Stronger health and safety laws and workers’ rights needed
Safety regulators have been so stripped back that workers are now more likely to win the lottery than have a safety inspection at their workplace, TUC health and safety policy officer Shelly Asquith told union reps and safety campaigners at the recent annual Hazards Conference.
Marking the 50th anniversary of the Health and Safety at Work etc Act 1974, Unite general union national health and safety officer Rob Miguel called for stronger health and safety laws and workers’ rights — including the right for safety reps to stop the job where work is dangerous, and for roving safety reps to cover workers in non-unionised workplaces.
He said the Act had improved safety, but not health, and highlighted the Unite Minds campaign.
This calls for new law around workplace stress and psychosocial risk to set out clearly duties to conduct specific risk assessments and the steps taken to control the risks.

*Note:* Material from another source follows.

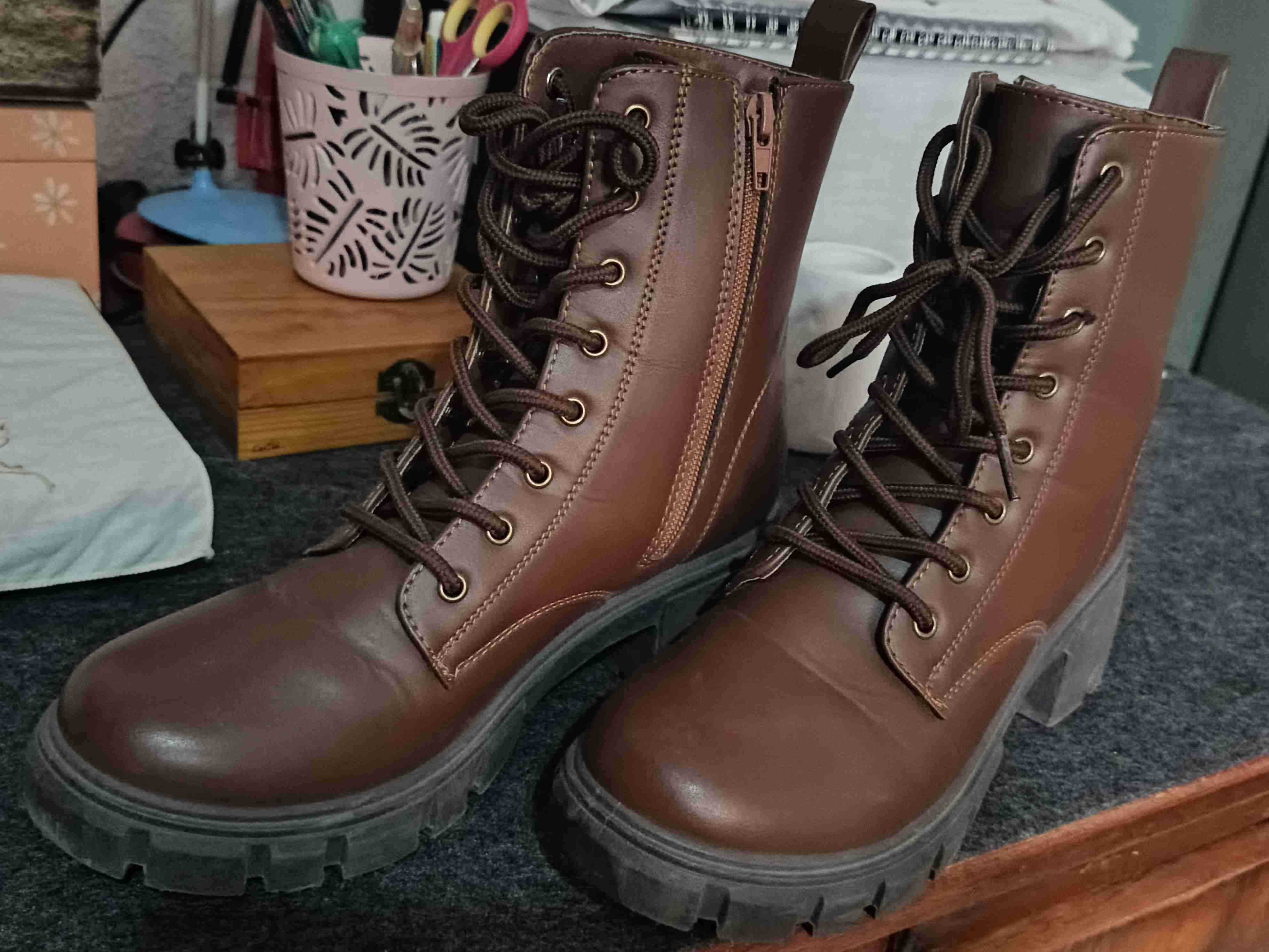 Botas de ecocuero marrón con cordones y cierre lateral, altura del taco 5cm aprox y cubre un poco mas arriba del tobillo😁 (1 postura) perfectas para el invierno.
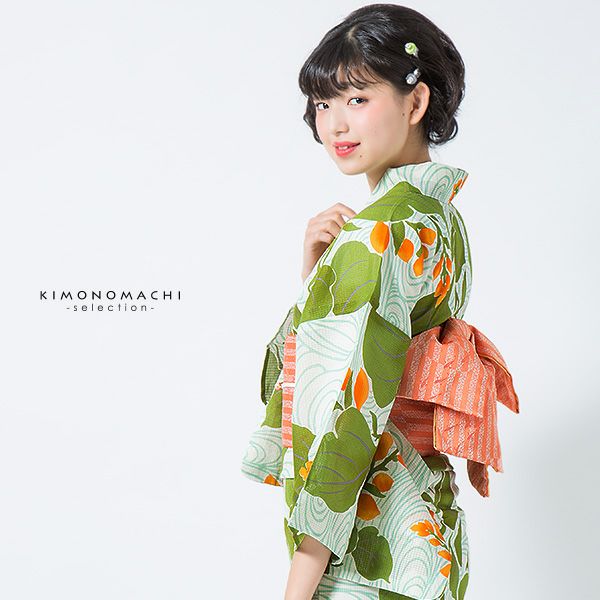 7. 【Prices down2】芸艸堂浴衣単品「緑×オレンジ 水葵」山本雪桂 綿浴衣 日本製 UNSODO 綿紅梅 【メール便不可】m1906ykl20yk★55%OFF

This year’s conference, the largest grassroots gathering of health and safety activists where trade unionists “remember the dead, but fight for the living”, included a focus on how to respond to the health and safety impacts of climate change.
FBU firefighters’ union national health and safety officer Riccardo La Torres explained how firefighters and other workers are on the frontline of the climate emergency. And he called for the repeal all anti-trade union laws as a key part of the struggle.